Theorem 3 (Levy-Ito Decomposition) If {X} is a Levy process, then there exists {b\in \mathbb{R}^d}, a Brownian motion {W_A} with covariance matrix {A} in {\mathbb{R}^d}, and an independent Poisson random measure {N} on {\mathbb{R}^+\times (\mathbb{R}^d \setminus \{0\})} such that for each {t\ge 0}

\displaystyle  X(t) = bt + W_A(t) + \int_{|x|<1} x \tilde N (t, dx) + \int_{|x|\ge 1} x N(t,dx). \ \ \ \ \ (7)

The process {\int_{|x|<1} x \tilde N(t, dx)} is the compensated sum of small jumps. The compensation takes care of the analytic complications in the Levy-Khintchine formula in a probabilistically pleasing way, since it is an {L^2}-martingale.

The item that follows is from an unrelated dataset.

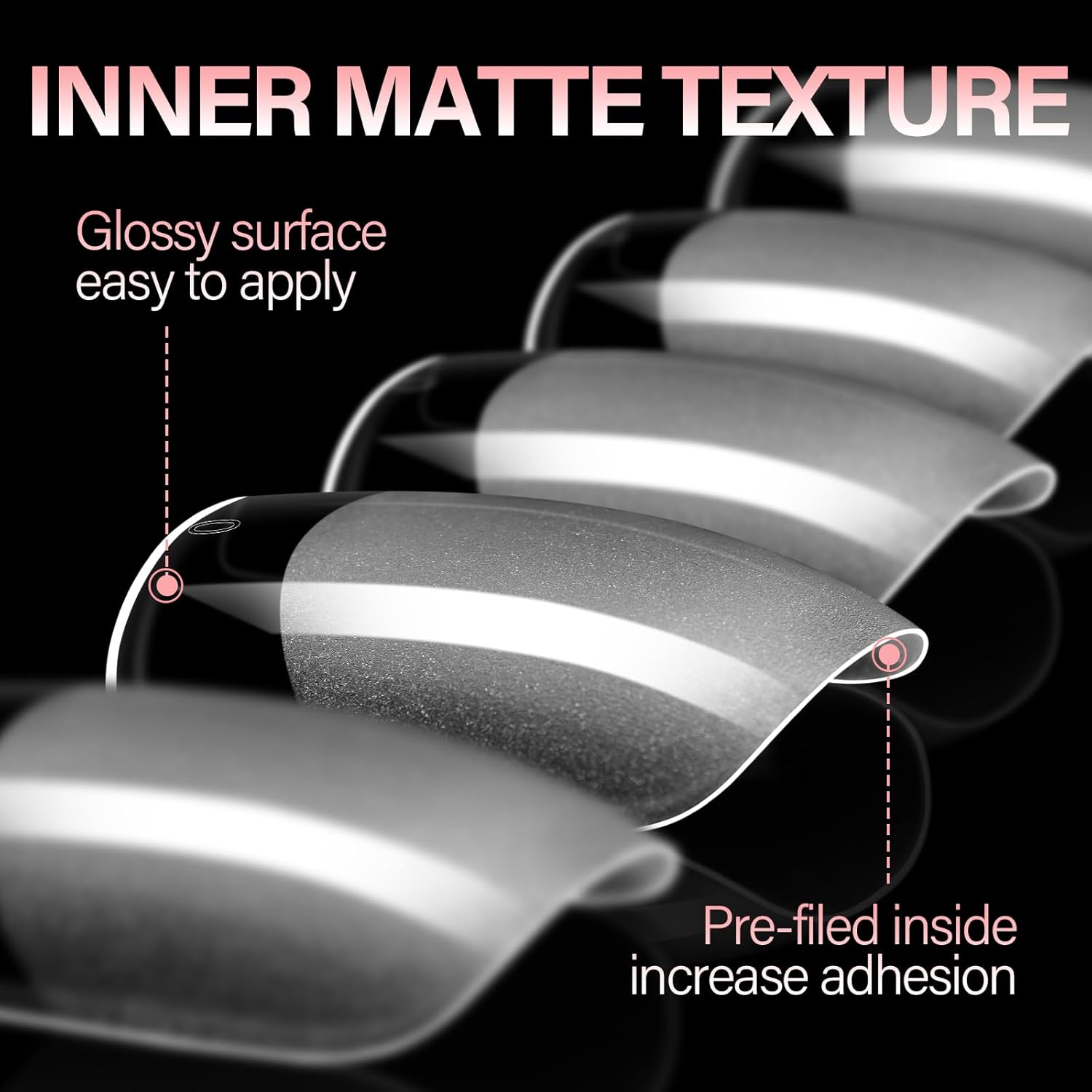 - 【Fits Nail Curvature, Natural & Comfortable, No Scratching】: Designed based on the natural curvature of nails, with edges finely polished to 0.1mm rounded corners. The fake nail fits the natural curve of your nails without air bubbles, ensuring no foreign body sensation and flexible finger movement. The smooth, burr-free surface prevents scratches on clothes or skin, making daily wear safer.

Levy-Ito decomposition of Theorem 3 is provided with small jumps of {|x|<1} and big jumps of {|x|\ge 1}. In fact, for any given constant {R>0}, we can define small jumps and big jumps by {|x|<R} and {|x|\ge R}, respectively. The corresponding Levy-Ito decomposition is written by

\displaystyle   X(t) = b_R t + W_A(t) + \int_{|x|< R} x \tilde N (t, dx) + \int_{|x|\ge R} x N(t,dx), \ \ \ \ \ (8)

for some constant {b_R} defined similar to (6), i.e.

\displaystyle  b_R = \mathbb{E}\Big[X(1) - \int_{|x|\ge R} x N(1, dx)\Big]. \ \ \ \ \ (9)

It can be shown {b_R} is finite and well defined. One can compute {b_R} in terms of {b_1 = b} using (3),

  • If {1<R<\infty}, then {b_R = b + \int_{1\le |x| <R} x \mu (dx)};
  • If {0<R<1}, then {b_R = b - \int_{R \le |x| <1} x \mu (dx)};

One possible question is that, can we simply remove upper bound {R} for small jumps, and write Levy-Ito decomposition by

\displaystyle   X(t) = b_\infty t + W_A(t) + \int_{|x|>0} x \tilde N (t, dx). \ \ \ \ \ (10)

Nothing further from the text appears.